It is 2021, isn’t it? The WHO's draft global alcohol action plan 2022-30 advises us to pay “appropriate attention to prevention” to the consumption of alcohol in certain groups, including children (obviously), teenagers and women of childbearing age.

Which covers every female with a uterus for between three and four decades of their lives?

Where do you even start to unpick this? With the presumption that every woman wants to get pregnant and should live her life accordingly, which is massively outdated and offensive? The idea that an organisation can still take ownership of a women’s will, body and reproductive system? Or the fact that men of "childbearing age" are let off the hook completely.

Can you imagine if men were subjected to the same diktat?

The fact is, women, regardless of their "reproductive status" have been drinking for centuries. I was, whisper it, born in the (very) late Seventies and I’m pretty sure my mum drank in moderation throughout her pregnancy – along with countless other women of her generation.

My eldest son was also what you would call a honeymoon baby. Maybe I was a little naive but having spent more than a decade doing everything I could not to get pregnant, I was quite surprised when it happened as quickly as it did. It was only after we’d got back from our blissful honeymoon in Italy where I had been knocking back Aperol Spritz and Chianti, that I realised I was expecting.
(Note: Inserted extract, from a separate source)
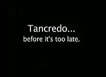 On November 13, the campaign released a controversial advertisement called "Tough on Terror" in which a hypothetical terrorist attack occurs in a shopping mall. The ad blames inept border security for the attack and flashes images of an injured child and a wrecked train. After Tancredo gives his approval for the message with the comment "I approve this message because someone needs to say it," a voiceover states, "There are consequences to open borders beyond the 20 million aliens who have come to take our jobs... the price we pay for spineless politicians who refuse to defend our borders against those who come to kill."[13] Since its release, the ad received criticism from some who called it "cheap" and "blatant fearmongering." Bowdoin College political scientist Michael Franz likened the advertisement to the Daisy ad run by Lyndon B. Johnson in the 1964 Presidential election claiming that the election of Barry Goldwater would lead to a nuclear war. The other Republican candidates in the race did not comment on the ad.[14]
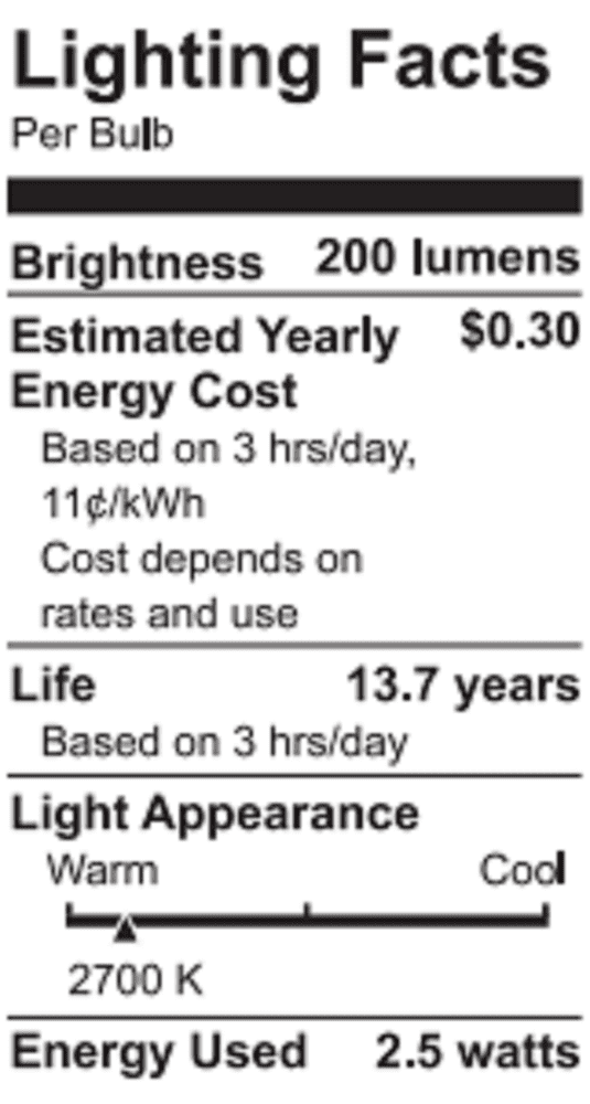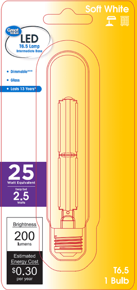 Minimum starting temperature -20°F (-28.9° C). This device complies with part 15 of the FCC rules. Operation is subject to the following two conditions:1.) This device may not cause harmful interferenceand2.) This device must accept any interference receivedincluding interference that may cause undesired operation.$2.71 savings per year** vs incandescent** ((Incandescent watts – LED watts) x .11 p/kwh x 1095 hours)/1,000kwhBrighten your home and save money and energy with a Great Value LED 2.5 Watt T6.5 Tube Clear Soft White Bulbs This clear LED tube light bulb is perfect for desk lamps and other fixturesand it provides soft white light. The LED element creates bright but energy-efficient lightproducing 200 lumensthe equivalent of 25 wattsusing only 2.5 watts. It’s far more durable than traditional incandescent lightinglasting 13 years and costing only an estimated $0.30 per year. Modernize your lighting with a Great Value LED 2.5 Watt T6.5 Tube Clear Soft White BulbsGreat Value products provide families with affordablehigh quality grocery and household consumable options. With our wide range of product categories spanning grocery and household consumableswe offer you a variety of products for your family’s needs. Our products are conveniently available online and in Walmart stores nationwideallowing you to stock up and save money at the same time.THIS DEVICE IS NOT INTENDED FOR USE WITH EMERGENCY EXIT LUMINAIRESOR EMERGENCY EXIT LIGHTS.CAUTION: Discontinue use if damaged. Turn power off before installation or removal.May not be compatible with all dimmers.

So began the lifetime of worry, judgement and guilt otherwise known as parenthood. Google dutifully supplied a deluge of scaremongering statistics I was slightly comforted by all the stories I heard from friends of women finding out they were pregnant after a hen do, New Year’s Eve etc and going onto have perfectly healthy babies.

I don’t want to sound in any way smug or sanctimonious but the honeymoon baby started grammar school last year and doesn’t seem to have been too hindered by that two-week oversight when he was not even the size of a walnut in my womb.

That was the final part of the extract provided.